I attempted to run the group with the Inactivity timeout set to the max, which had no effect, next step is turning it off completely. Also working with our networking team to make triple check anything on that end. I'm also wondering about server system limitations...this is also running on RHEL 3 with a 2.4.21-37.0.1.ELwithufs SMP kernel, two dual core Xeon 2.4 GHz proc, 4 GB RAM.
Clients exhibiting this issue are Windows (7.3.2.Build.364/7.2.Build.494), 
Linux (7.2.Build.494) and Solaris (7.2.2.Build.422) clients (the Solaris client 
seems to be the most egregious - can't even get that one to back up manually 
from the server).

Anyone with any new hints or suggestions would be greatly appreciated.
Greg
---
Greg Etling <getling AT stern.nyu DOT edu <mailto:getling AT stern.nyu DOT edu>>
Systems Administrator
Stern IT Enterprise Operations
NYU Stern School of Business

212-998-0746
------------------------------

------------------------------

Date:    Wed, 10 Jun 2009 17:05:28 -0400
From:    Greg Etling <getling AT STERN.NYU DOT EDU>
Subject: Re: Networker 7.2.2 clients with large files problem

Update: I ran the closest server in question from the command line(savegrp -v -c ie-1 -l full GROUP), and received:

* ie-1:/yesterday lost connection to server, exiting

This is despite the fact that I'm seeing the keepalive notices in nwadmin every 5 minutes as expected.

Greg
---
Greg Etling <getling AT stern.nyu DOT edu <mailto:getling AT stern.nyu DOT edu>>
Systems Administrator
Stern IT Enterprise Operations
NYU Stern School of Business

212-998-0746
------------------------------

Date:    Wed, 10 Jun 2009 12:21:38 -0400
From:    Greg Etling <getling AT STERN.NYU DOT EDU>
Subject: Re: Networker 7.2.2 clients with large files problem

James,

These are not NDMP, and some are through a firewall, some are not. The reason that it is so is that some are backing up over a VLAN from a datacenter ~1 mile away. However, the biggest issues have been with the server that is adjacent to the backup server.

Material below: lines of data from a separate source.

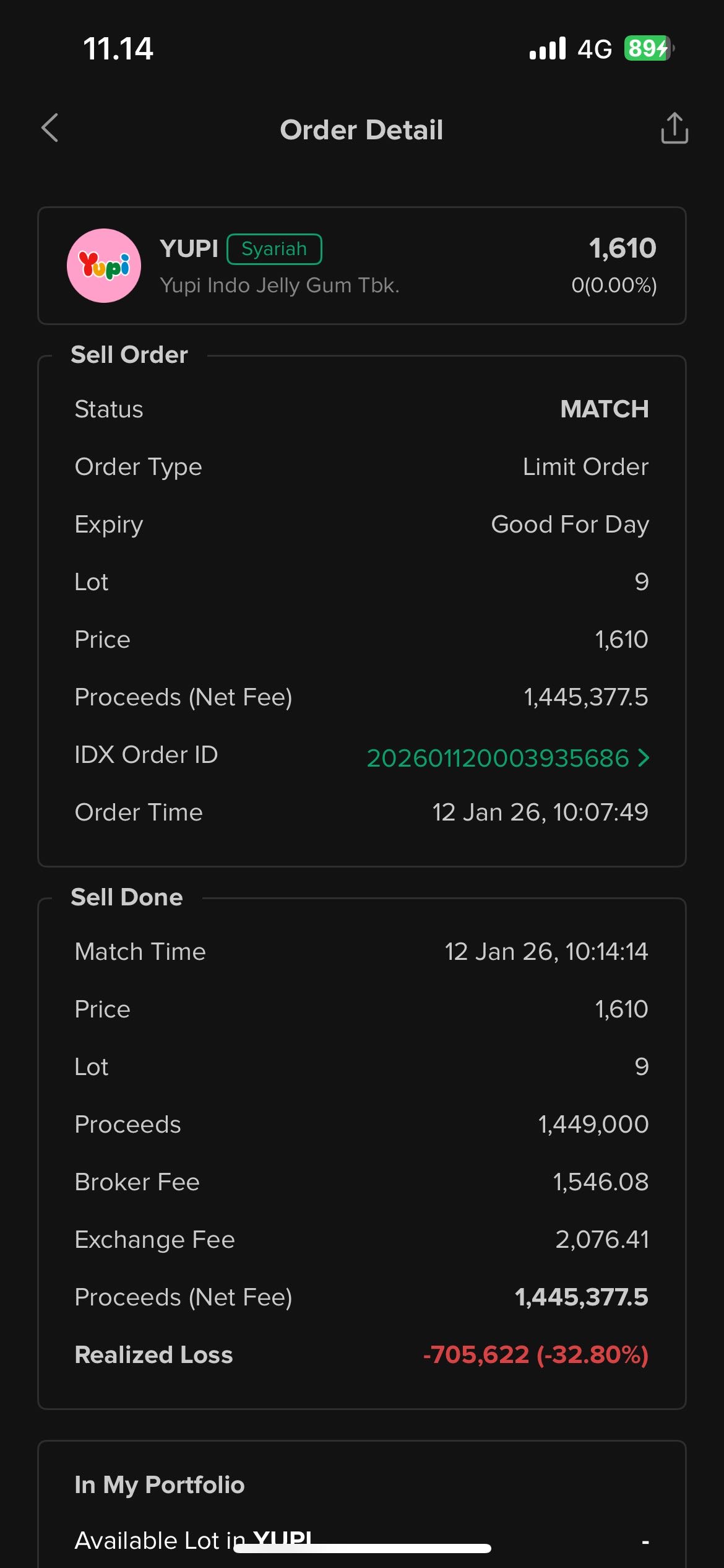 Posisi Harga: Saat ini YUPI diperdagangkan di level 1.605, jauh di bawah harga perdana (IPO) mereka yang dipatok di Rp2.390 pada Maret 2025.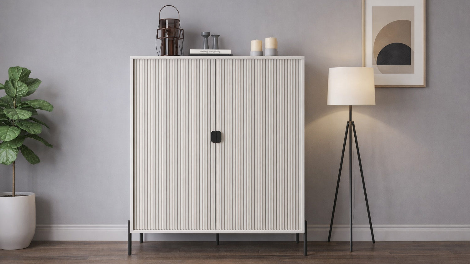 Dal design raffinato e moderno, il contenitore Lotus 2 ante è la soluzione ideale per chi desidera un arredo elegante e funzionale. La finitura color Cashmere, abbinata alle ante cannettate e ai dettagli in metallo nero, dona un tocco di sofisticata contemporaneità. Perfetto per qualsiasi ambiente, questo complemento d’arredo si distingue per le sue linee pulite e la sua versatilità, completando con stile il tuo spazio.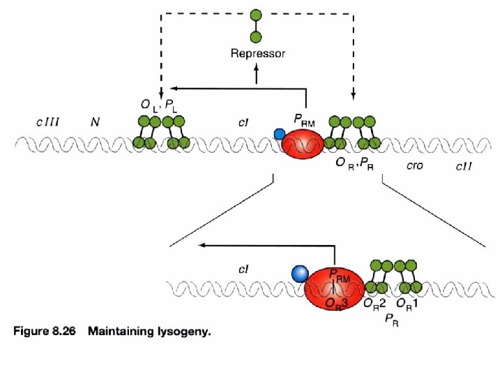 Lysogeny: maintained by c. I repressor By denying RNA polymerase access to these promoters, a repressor protein (encoded by c. I) prevents the phage genome from entering the lytic cycle. c. I repressor: 1. maintains the lysogenic state 2. provides immunity c. I repressor PRM an inefficient promoter for c. I (lacking ribosome binding site). RM= repressor maintenance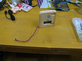 こんな形で使用テスト,レンズがあるので10m先の直径1mくらいの範囲を監視できる。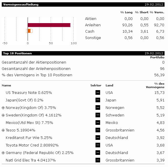 Karl Squell Juni 30, 2012 Der Fonds klingt sehr interessant, da es kein "klassischer" Rentenfonds ist, sondern sehr flexibel sein kann. Wie ist denn so die allgemeine Einschätzung solch eines Fonds? Grundsätzlich mag ich es, wenn ein Manager flexibel sein kann. Natürlich kann er sich falsch entscheiden, aber in ungünstigen Situationen kann er besser reagieren, als es durch strengere Regulierung möglich wäre. Ich finde auch die Mischung aus Staats-, Unternehmens- und High Yield Anleihen ziemlich gut. Gefällt mir auch. Im letzten Jahr ist der ähnliche Templeton Global Total Return Fund jedoch besser gelaufen. Längerfristig geht der Vergleich bei Fondsweb leider nicht. Diesen Beitrag teilen Link zum Beitrag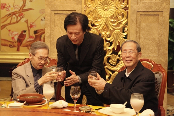 本网讯 11月10日晚上,78届校友黄华在地中海国际酒店设宴酬谢恩师。原广州对外贸易学院党委书记、院长石畏三及其夫人吴金芳教授,广东外语外贸大学原党委书记韩金波、方振富教授、刘端郎教授,黄华的夫人王小梅女士,我校校长仲伟合等出席了宴会。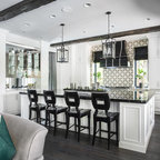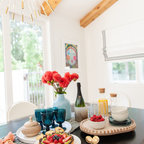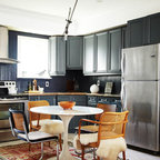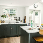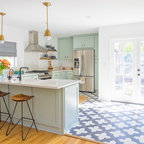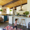 Digging the ceiling and floor materials here: wood planks, warm black beams, gray tile (or tile like) floor. thoughts? I kinda love this direction for the whole space. AS: I like this, but one question, will it be too much to have wood ceilings in the sun porch if the kitchen has white ceilings? The wood might make it more interesting. SY: I think we'd unify the spaces and give both wood ceilings. AS: the more I think about this, the more I like it. SY: 9/19 So, we love this too, but we've had to shift to white beams and white ceiling. The one beam that in necessary divides kitchen from porch where the house's exterior wall is, and will be substantial, and the kitchen's ceiling is low. Keeping it all white will make the ceiling feel higher, and the beam(s) feel less imposing. I don't want to lose this inspiration image, though! This floor is great, and this is a great overall effect to go for in your someday kitchen - we'll just find other ways to bring in the wood! AS:Ok- thats fine too! and if it doesn't make sense to bring in wood. thats ok too. SY: check.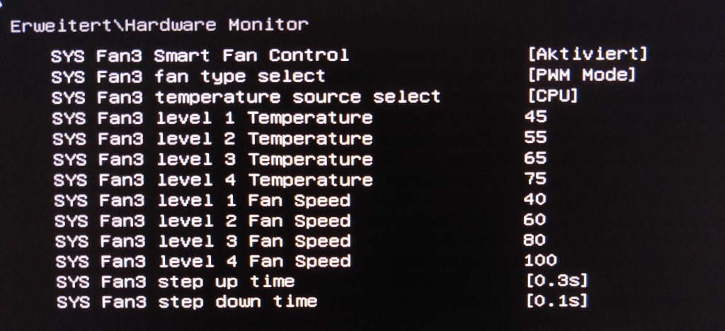 - In Windows Energieeinstellungen den Energiesparplan "Ausbalanciert" gewählt und in diesem Plan unter erweiterten Einstellungen den minimalen CPU-Leistungszustand auf 5% und den maximalen CPU-Leistungszustsand auf 100% gesetzt.

To expand on the NSR_KEEPALIVE_WAIT, this did appear to have an effect when I invoke savegrp manually (I see the "group running on client" messages in nwadmin), but not when run automatically. It was invoked because of the large files problem that predated me and predated the firewall hardware. It probably even predated the datacenter move that separated our backup hardware from some of our systems.

David,

Thanks for the tip - I had bumped the inactivity timeout to 90, but I'll crank it all the way out. The savesets are listed as aborted, and often have significantly divergent sizes (>5 GB) among the retries, even though the server mountpoint is static throughout the day.

Greg

---
Greg Etling <getling AT stern.nyu DOT edu <mailto:getling AT stern.nyu DOT edu>>
Systems Administrator
Stern IT Enterprise Operations
NYU Stern School of Business

212-998-0746

------------------------------

Date:    Wed, 10 Jun 2009 11:01:21 -0500
From:    James T Proctor <jproctor AT USGS DOT GOV>
Subject: Re: Networker 7.2.2 clients with large files problem

Are these ndmp? Are they going through a firewall?

Jim Proctor
IT Specialist
USGS/NGTOC III
Rolla, Missouri
jproctor AT usgs DOT gov
(573)308-3521

------------------------------

Date:    Wed, 10 Jun 2009 09:00:57 -0700
From:    "Leiss, Jeffrey" <Jeff.Leiss AT NWDC DOT NET>
Subject: Re: Networker 7.2.2 clients with large files problem

Alternatively, you can set this to 0, and networker will ignore it altogether 
for those clients.
------------------------------

Date:    Wed, 10 Jun 2009 10:58:51 -0500
From:    "Browning, David" <DBrown AT LSUHSC DOT EDU>
Subject: Re: Networker 7.2.2 clients with large files problem

Check the "inactivity timeout" field in the group definitions.
For our large servers, we put this to 1000, and that seems to work for
us.
Also, check your indexes to make sure that it isn't really completing.
Sometimes you can get that message, but you will find that the backup
successfully finished, and is stored in the index.
David M. Browning Jr.
IT Project Coordinator Enterprise Backups and Help Desk
------------------------------

Date:    Wed, 10 Jun 2009 11:45:37 -0400
From:    Greg Etling <getling AT STERN.NYU DOT EDU>
Subject: Networker 7.2.2 clients with large files problem

Hello,

I am running into a problem with scheduled backups on a Networker 7.2.2 server. By setting NSR_KEEPALIVE_WAIT=300 on the clients, I am able to run full backups of the systems in question but the backup fails when the scheduled backup runs. The common thread for these systems is the existence of large files (> 1GB), and they are failing their scheduled backups the same way as they used to before the keepalive was added:

--- Unsuccessful Save Sets ---

* ie-1:/yesterday 1 retry attempted


I'll run a verbose save tonight to get more details, but I'm curious what other next steps might be recommended given that it is only a problem for scheduled backups.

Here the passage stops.